- MS 496 highlighted in red

Route information
- Maintained by MDOT
- Length: 13.198 mi (21.240 km)
- Existed: c. 1957–present

Major junctions
- West end: MS 19 near Meridian
- East end: CR 1 near Cuba, AL

Location
- Country: United States
- State: Mississippi
- Counties: Lauderdale

Highway system
- Mississippi State Highway System; Interstate; US; State;
| ← MS 495 |  | → MS 498 |

= Mississippi Highway 496 =

State highway in Eastern Mississippi

Mississippi Highway 496 (MS 496) is a 13.2 mi east–west state highway in eastern Mississippi. The route starts at MS 19 near Meridian and travels eastwards through rural Lauderdale County. The road crosses the Alabama–Mississippi state line east of Alamucha, and it continues on as a county highway.
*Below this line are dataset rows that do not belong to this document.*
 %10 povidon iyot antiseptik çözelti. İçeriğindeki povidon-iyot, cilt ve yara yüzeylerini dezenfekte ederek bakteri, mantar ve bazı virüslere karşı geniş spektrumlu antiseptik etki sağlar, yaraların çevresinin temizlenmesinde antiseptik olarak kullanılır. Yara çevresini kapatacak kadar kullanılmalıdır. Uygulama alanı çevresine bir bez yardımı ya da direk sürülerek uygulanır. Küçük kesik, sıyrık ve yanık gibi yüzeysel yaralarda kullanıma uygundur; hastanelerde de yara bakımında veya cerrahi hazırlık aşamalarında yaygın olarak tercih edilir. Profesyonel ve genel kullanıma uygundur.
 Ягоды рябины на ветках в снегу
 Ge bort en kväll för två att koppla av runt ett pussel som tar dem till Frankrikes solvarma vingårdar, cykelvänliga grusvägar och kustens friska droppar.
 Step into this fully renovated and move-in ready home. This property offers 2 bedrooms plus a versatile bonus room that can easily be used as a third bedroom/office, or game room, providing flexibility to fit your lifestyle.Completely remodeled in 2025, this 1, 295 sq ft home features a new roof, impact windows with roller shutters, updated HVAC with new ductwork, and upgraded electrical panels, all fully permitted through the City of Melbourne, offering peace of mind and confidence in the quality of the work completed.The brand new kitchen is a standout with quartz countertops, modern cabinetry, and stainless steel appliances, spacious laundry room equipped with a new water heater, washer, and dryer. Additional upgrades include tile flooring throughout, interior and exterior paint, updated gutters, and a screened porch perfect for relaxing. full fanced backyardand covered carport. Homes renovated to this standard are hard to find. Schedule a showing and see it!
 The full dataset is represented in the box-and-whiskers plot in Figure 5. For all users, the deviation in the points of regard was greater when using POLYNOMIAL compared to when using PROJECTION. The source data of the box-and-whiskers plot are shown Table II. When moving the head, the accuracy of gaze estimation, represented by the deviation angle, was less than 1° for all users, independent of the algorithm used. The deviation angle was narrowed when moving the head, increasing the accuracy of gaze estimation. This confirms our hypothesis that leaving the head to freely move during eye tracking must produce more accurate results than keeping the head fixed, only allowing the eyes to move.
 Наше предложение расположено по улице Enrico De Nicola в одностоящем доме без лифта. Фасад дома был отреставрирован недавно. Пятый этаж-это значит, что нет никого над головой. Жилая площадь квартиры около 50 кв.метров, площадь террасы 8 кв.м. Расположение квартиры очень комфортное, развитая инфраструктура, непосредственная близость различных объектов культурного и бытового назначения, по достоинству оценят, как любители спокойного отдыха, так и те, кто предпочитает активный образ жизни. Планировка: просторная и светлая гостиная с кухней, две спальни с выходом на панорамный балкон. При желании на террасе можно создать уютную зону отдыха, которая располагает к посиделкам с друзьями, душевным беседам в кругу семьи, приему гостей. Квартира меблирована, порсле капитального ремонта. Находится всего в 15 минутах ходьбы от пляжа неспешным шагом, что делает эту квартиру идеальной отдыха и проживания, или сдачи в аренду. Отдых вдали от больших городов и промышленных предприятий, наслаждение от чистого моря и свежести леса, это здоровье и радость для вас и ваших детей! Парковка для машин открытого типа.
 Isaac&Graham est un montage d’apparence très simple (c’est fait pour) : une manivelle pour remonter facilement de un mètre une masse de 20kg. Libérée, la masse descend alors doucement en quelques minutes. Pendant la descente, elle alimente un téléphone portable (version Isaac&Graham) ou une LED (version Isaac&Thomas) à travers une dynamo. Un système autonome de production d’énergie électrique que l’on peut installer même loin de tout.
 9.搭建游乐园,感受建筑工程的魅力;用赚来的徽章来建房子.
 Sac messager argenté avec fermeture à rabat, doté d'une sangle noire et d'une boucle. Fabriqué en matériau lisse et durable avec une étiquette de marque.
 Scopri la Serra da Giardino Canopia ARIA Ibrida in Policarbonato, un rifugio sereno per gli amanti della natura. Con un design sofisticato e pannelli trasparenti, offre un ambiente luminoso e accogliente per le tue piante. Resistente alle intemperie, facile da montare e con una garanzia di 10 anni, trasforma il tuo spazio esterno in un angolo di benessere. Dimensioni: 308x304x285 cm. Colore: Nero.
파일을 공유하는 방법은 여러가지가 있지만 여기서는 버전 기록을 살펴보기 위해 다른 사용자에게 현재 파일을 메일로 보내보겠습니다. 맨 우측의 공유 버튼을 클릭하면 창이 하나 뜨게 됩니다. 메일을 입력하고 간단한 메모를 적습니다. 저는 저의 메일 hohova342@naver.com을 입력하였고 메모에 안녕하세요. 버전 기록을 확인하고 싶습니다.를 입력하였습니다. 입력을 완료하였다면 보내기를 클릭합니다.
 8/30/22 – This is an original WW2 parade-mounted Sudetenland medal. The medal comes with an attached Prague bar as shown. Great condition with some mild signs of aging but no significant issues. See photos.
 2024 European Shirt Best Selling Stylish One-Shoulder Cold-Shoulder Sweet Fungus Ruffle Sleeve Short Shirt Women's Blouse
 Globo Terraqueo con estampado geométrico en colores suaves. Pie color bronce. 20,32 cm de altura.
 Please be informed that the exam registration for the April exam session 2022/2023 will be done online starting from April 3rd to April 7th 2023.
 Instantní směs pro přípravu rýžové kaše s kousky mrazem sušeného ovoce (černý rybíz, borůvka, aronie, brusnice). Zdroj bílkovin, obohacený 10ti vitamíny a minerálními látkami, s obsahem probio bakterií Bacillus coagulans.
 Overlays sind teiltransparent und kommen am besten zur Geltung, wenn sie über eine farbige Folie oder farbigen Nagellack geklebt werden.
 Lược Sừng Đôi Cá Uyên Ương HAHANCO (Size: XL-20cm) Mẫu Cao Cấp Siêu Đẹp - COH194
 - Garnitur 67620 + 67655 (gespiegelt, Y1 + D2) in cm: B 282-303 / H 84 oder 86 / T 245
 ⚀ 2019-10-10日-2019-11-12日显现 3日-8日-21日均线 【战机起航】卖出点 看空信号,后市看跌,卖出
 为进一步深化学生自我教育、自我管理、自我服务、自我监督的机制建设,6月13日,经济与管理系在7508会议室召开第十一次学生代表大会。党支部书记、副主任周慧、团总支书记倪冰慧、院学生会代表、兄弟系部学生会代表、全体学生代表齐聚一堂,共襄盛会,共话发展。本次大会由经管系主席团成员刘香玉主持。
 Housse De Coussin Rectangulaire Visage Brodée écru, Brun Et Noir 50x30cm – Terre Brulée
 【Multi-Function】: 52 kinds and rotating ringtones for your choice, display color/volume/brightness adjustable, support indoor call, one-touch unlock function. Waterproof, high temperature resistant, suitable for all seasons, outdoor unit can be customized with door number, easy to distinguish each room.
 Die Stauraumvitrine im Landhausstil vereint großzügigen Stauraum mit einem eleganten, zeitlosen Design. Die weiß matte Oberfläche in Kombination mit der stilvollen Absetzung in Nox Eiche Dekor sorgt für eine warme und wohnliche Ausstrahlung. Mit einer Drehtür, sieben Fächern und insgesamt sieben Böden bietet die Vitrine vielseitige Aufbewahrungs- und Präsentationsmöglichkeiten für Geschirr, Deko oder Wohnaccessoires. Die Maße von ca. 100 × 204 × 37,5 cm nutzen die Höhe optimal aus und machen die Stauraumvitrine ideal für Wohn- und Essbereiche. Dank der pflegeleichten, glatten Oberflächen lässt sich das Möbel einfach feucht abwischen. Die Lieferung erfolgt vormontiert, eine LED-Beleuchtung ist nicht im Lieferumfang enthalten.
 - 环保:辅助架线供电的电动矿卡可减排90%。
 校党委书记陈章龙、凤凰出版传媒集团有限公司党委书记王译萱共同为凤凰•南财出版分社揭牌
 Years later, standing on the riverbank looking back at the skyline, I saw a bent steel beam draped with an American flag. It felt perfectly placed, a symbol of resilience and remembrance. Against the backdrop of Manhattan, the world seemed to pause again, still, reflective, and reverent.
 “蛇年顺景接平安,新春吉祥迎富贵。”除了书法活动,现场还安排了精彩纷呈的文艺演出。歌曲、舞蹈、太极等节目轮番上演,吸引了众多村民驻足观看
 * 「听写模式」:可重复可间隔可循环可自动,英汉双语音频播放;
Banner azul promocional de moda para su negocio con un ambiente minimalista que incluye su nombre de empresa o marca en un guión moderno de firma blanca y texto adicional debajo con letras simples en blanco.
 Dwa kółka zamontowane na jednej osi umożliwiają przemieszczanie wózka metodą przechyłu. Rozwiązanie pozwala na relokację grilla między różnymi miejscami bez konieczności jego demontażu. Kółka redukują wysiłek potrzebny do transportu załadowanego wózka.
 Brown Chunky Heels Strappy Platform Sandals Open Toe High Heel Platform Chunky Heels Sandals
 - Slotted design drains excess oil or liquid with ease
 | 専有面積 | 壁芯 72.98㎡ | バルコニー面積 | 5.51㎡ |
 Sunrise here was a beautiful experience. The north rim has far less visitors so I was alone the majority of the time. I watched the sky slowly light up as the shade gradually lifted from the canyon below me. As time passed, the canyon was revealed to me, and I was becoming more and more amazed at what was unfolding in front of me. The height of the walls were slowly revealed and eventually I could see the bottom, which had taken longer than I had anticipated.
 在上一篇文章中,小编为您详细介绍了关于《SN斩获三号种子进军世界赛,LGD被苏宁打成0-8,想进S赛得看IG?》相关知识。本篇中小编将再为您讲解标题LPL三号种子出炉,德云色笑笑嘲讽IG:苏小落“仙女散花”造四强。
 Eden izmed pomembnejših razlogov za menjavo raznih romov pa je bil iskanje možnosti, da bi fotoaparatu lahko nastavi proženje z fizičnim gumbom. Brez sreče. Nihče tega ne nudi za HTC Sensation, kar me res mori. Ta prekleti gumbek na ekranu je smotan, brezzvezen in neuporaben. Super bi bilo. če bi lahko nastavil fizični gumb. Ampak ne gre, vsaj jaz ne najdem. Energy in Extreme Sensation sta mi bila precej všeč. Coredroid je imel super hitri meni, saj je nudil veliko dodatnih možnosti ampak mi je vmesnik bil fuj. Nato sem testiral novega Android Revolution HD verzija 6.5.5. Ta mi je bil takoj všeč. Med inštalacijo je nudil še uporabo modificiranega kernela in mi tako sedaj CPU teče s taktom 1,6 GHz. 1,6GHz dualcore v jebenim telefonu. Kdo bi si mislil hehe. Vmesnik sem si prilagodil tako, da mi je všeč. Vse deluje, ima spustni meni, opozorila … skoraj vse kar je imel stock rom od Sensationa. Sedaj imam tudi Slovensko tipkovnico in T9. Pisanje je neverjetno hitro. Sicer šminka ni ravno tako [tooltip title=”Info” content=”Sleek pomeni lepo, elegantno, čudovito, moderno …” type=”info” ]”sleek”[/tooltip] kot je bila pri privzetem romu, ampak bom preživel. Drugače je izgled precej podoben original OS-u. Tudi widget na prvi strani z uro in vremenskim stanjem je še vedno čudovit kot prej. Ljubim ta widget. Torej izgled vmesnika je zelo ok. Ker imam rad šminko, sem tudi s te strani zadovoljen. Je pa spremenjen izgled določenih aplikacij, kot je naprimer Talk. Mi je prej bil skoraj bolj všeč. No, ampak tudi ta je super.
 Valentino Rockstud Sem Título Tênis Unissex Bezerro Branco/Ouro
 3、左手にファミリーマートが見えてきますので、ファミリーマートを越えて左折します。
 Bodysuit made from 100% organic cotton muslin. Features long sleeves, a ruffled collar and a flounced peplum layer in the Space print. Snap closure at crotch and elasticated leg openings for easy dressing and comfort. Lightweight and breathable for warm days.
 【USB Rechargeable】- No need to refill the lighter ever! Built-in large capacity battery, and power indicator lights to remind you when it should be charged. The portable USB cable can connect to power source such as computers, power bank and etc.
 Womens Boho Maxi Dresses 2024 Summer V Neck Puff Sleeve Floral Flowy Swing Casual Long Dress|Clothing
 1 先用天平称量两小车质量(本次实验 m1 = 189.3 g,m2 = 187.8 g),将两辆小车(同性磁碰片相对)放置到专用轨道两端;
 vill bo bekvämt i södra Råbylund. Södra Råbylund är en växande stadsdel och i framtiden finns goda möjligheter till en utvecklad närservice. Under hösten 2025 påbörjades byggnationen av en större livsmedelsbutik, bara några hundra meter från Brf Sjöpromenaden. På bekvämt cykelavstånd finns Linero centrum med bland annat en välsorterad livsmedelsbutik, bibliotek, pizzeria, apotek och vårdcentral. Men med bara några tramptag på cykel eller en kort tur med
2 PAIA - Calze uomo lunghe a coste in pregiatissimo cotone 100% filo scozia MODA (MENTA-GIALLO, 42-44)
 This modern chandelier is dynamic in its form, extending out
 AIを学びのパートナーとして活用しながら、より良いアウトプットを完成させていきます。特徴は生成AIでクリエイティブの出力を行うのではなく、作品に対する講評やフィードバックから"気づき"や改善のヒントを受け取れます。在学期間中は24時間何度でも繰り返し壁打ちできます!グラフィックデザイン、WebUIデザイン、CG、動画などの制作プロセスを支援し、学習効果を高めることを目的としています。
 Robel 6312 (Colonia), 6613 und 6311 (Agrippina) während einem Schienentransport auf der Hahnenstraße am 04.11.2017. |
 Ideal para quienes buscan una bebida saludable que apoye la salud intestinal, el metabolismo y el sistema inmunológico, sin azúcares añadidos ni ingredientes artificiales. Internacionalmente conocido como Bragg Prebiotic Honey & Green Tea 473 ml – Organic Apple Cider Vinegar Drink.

The road that became part of the route was constructed in the 1920s, and it was designated as a state highway by 1957. Two projects in 1964 and 1974 resulted in the route being fully paved.

==Route description==

All of MS 496 is located within Lauderdale County, and the route is maintained by the Mississippi Department of Transportation (MDOT) as part of the Mississippi State Highway System. MS 496 is legally defined in Mississippi Code § 65-3-3.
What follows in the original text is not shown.